-- Record set --
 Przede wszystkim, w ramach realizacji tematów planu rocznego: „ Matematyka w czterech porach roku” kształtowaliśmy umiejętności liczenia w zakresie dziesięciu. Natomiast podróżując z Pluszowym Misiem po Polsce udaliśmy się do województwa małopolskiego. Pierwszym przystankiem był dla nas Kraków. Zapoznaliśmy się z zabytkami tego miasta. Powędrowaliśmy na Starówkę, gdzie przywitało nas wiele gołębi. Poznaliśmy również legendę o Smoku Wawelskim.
--
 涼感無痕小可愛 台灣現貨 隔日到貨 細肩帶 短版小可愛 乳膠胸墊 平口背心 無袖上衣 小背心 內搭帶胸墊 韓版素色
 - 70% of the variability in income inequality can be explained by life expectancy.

-- What to do --
Retype the records above, but only those lines that fall between the line containing "涼感無痕小可愛 台灣現貨 隔日到貨" and the line containing "- 70% of the", with both of those lines included, exactly as written.

-- The answer --
 涼感無痕小可愛 台灣現貨 隔日到貨 細肩帶 短版小可愛 乳膠胸墊 平口背心 無袖上衣 小背心 內搭帶胸墊 韓版素色
 - 70% of the variability in income inequality can be explained by life expectancy.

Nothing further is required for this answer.